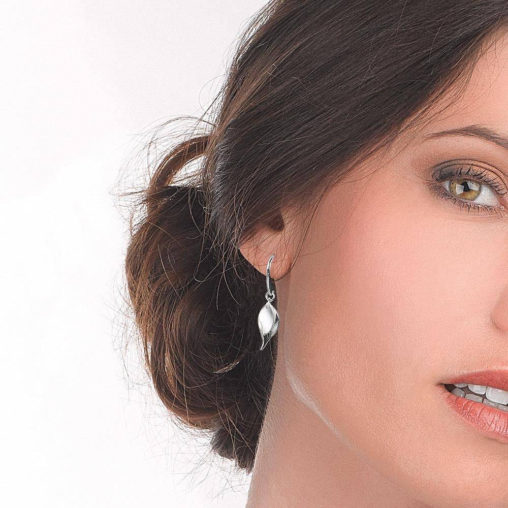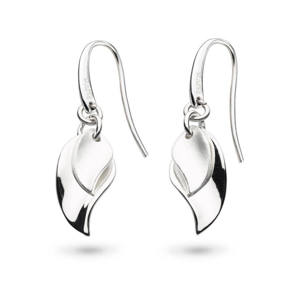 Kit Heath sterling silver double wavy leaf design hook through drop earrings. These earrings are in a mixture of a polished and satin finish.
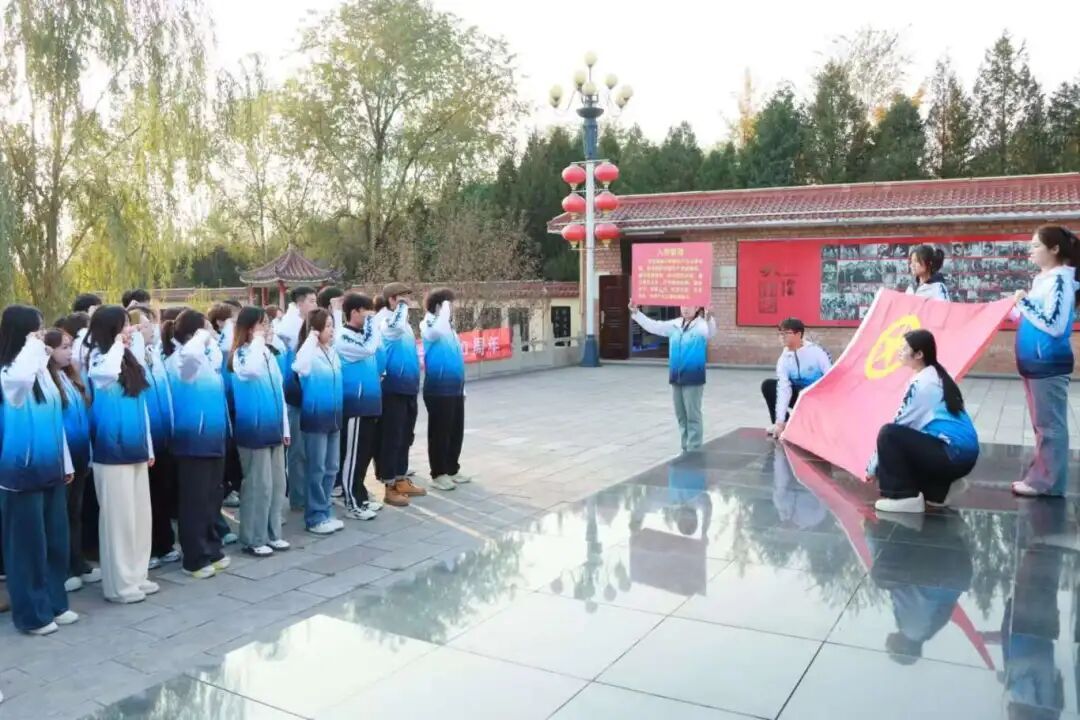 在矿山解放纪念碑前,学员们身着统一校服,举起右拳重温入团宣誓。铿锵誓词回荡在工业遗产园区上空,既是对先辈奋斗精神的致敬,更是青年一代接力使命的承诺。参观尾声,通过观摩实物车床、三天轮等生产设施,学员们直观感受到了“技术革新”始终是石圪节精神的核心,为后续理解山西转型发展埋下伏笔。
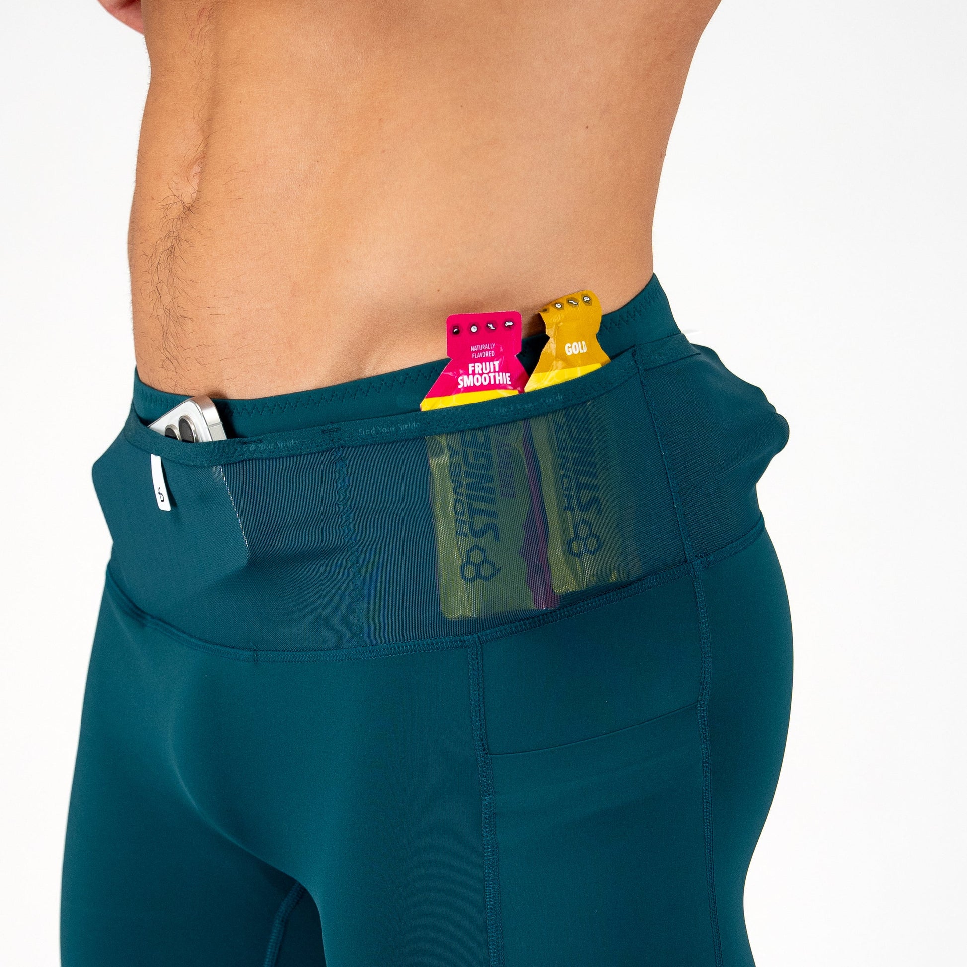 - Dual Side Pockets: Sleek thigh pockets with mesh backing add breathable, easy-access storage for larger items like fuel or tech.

━━━━━━

• EXERCISE AIM: Quote the material in full and exactly; do not carry over its pictures.

• TASK ANSWER:
 Kit Heath sterling silver double wavy leaf design hook through drop earrings. These earrings are in a mixture of a polished and satin finish.
 在矿山解放纪念碑前,学员们身着统一校服,举起右拳重温入团宣誓。铿锵誓词回荡在工业遗产园区上空,既是对先辈奋斗精神的致敬,更是青年一代接力使命的承诺。参观尾声,通过观摩实物车床、三天轮等生产设施,学员们直观感受到了“技术革新”始终是石圪节精神的核心,为后续理解山西转型发展埋下伏笔。
 - Dual Side Pockets: Sleek thigh pockets with mesh backing add breathable, easy-access storage for larger items like fuel or tech.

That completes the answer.